The theme for the midseason finale of Empire is revenge. Revenge is in the air and it’s intoxicating. Not only does every character fall for it, even the ones that have no reason to, but you can’t help for breath it in either. There’s something very satisfying about seeing the Lyon family (finally) get revenge on the DuBois family. Of course, it’s over-the-top and unrealistic and problematic, but that’s when Empire shines brightest. In a lot of ways, I felt like this episode was a return to old form. There were some aspects of this episode that I could do without, but for the most part my wish list was fulfilled.
Let’s start with the bad. The Becky pregnancy plotline is meaningless. There is absolutely no reason we should be trying to explain to rationalize why we need to explore Becky having a baby or getting an abortion. She is such a side character that there is no chance that this will get the time it deserves for this to be a legitimate plot. It’s just a way for the show to dive into some messy territory when they have a slow weak, and that’s a crutch. It also doesn’t make sense why a career driven woman with no visible religious convictions in any aspect of her life would have any qualms with having an abortion while she still can. It’s kind of just drama for the sake of drama, a trap that Empire has fallen into a lot this season.
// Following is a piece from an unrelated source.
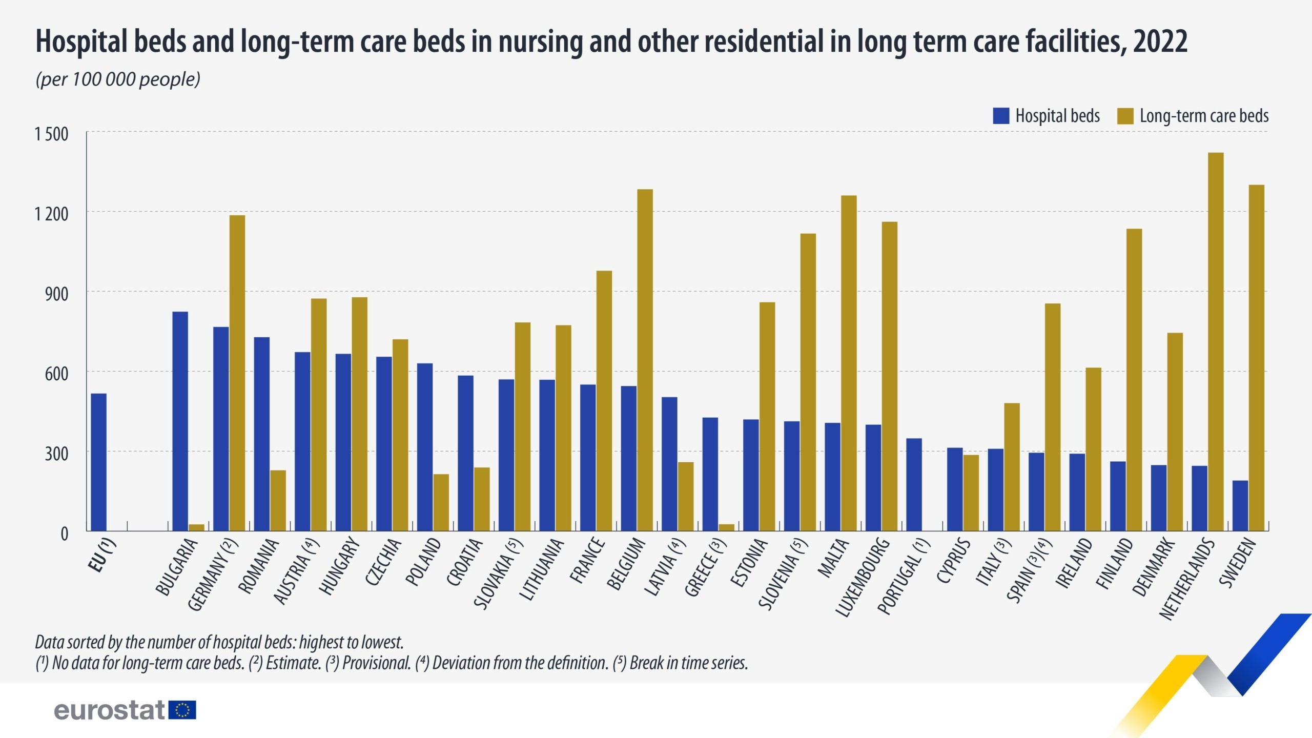 Όσον αφορά τις κλίνες μακροχρόνιας περίθαλψης σε νοσηλευτικές και άλλες οικιακές εγκαταστάσεις μακροχρόνιας φροντίδας, το 2022, τα υψηλότερα ποσοστά καταγράφηκαν στην Ολλανδία (1.420 κρεβάτια μακροχρόνιας φροντίδας ανά 100.000 άτομα), στη Σουηδία (1.299) και στο Βέλγιο (1.283).
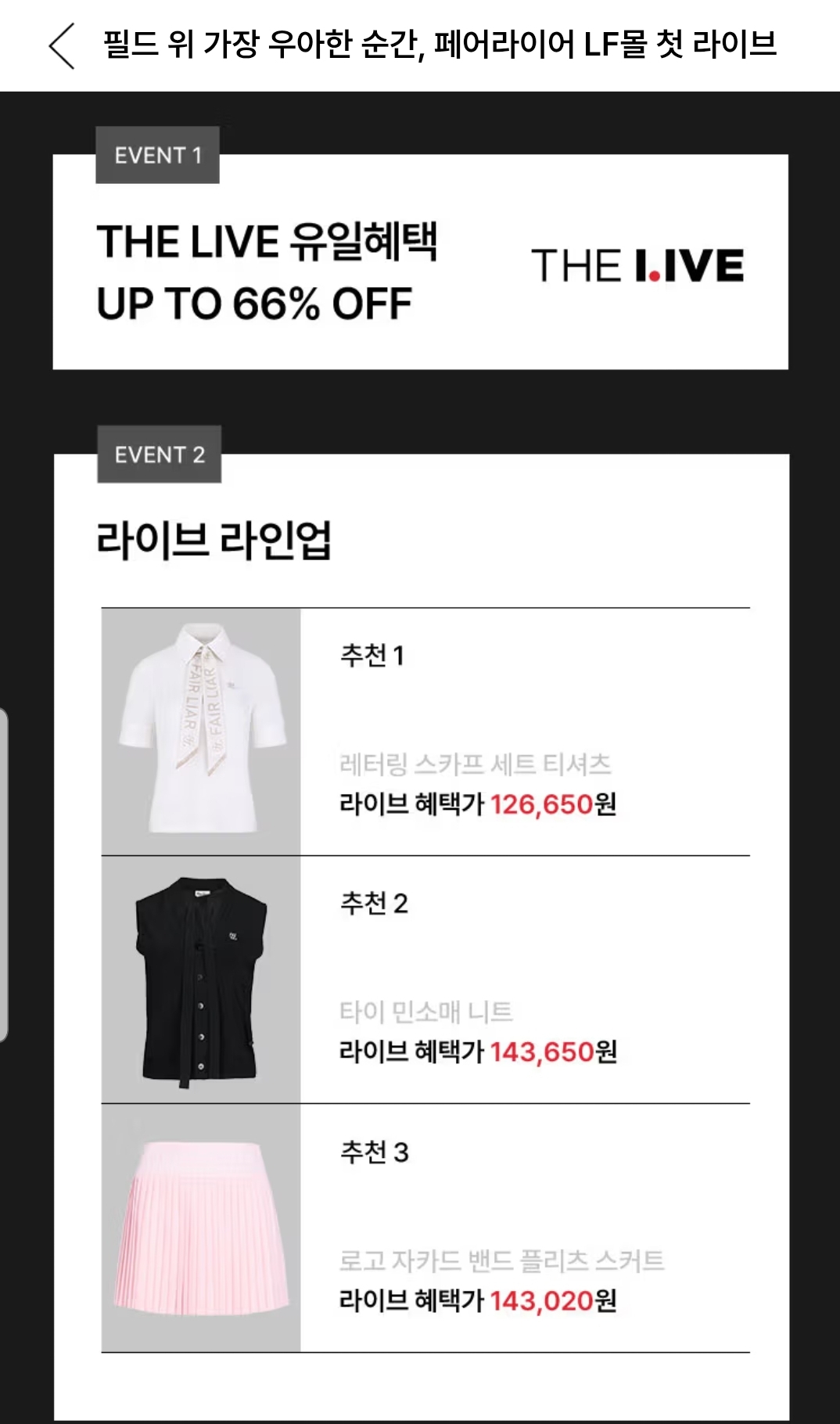 골프룩 페어라이어 최대 66퍼까지 라이브 방송

But nothing is more drama for the sake of drama than Eddie Barker having a retirement party, giving a speech about not overstaying his welcome, and then finding out he’s been ripped by a Bernie Madoff-esque Ponzi scheme. It’s laughable honestly, because what the hell is this? Hakeem was literally telling Eddie Barker that he can stay for as long as he wants, and now we’re at this really weird place where it seems like he’s going to rip Empire off for a bunch of money. Why, dude? You were there when Lucious needed you, you were there when Cookie needed you, there’s literally no bad blood between any of you guys, why wouldn’t you just ask your man to bail you out? I mean if this is Madoff-esque then clearly they’re going to hear about it and ask you about it – why not just be like, “Yeah I get f’d up, is it cool if we continue to work together and you lend me some money?” You would get a resounding yes from literally everyone, even the mom in whatever mental institution she’s locked up in.
The rest of the drama is grounded in something that lets you have fun without having to suspend all your disbelief. Cookie and Lucious decide its time to take the DuBois down. It doesn’t hurt that Warren builds the courage (and the 10,000 dollars to pay off the doorman) to confront Jamal in his apartment. At first Jamal drags Warren through the mud, but he can’t help but still be attached to this man. Warren is a cliché, and Jamal is a corny commercial manifest – these two are made for each other. Warren is willing to take sides in this family feud and officially declare for the Lyons. This is all the ammunition Cookie needs to plan to crash Diana’s Ball. Diana DuBois has spent a lot of time ensuring that there is no way that the Lyons could infiltrate the ball, but what she forgot to realize is that her son Angelo is a coward. And so, after Lucious beats him around a little bit, Angelo agrees to get the Lyons into the ball. Even if he didn’t, Cookie had planted Lyon minutemen in the orchestra to turn against Diana.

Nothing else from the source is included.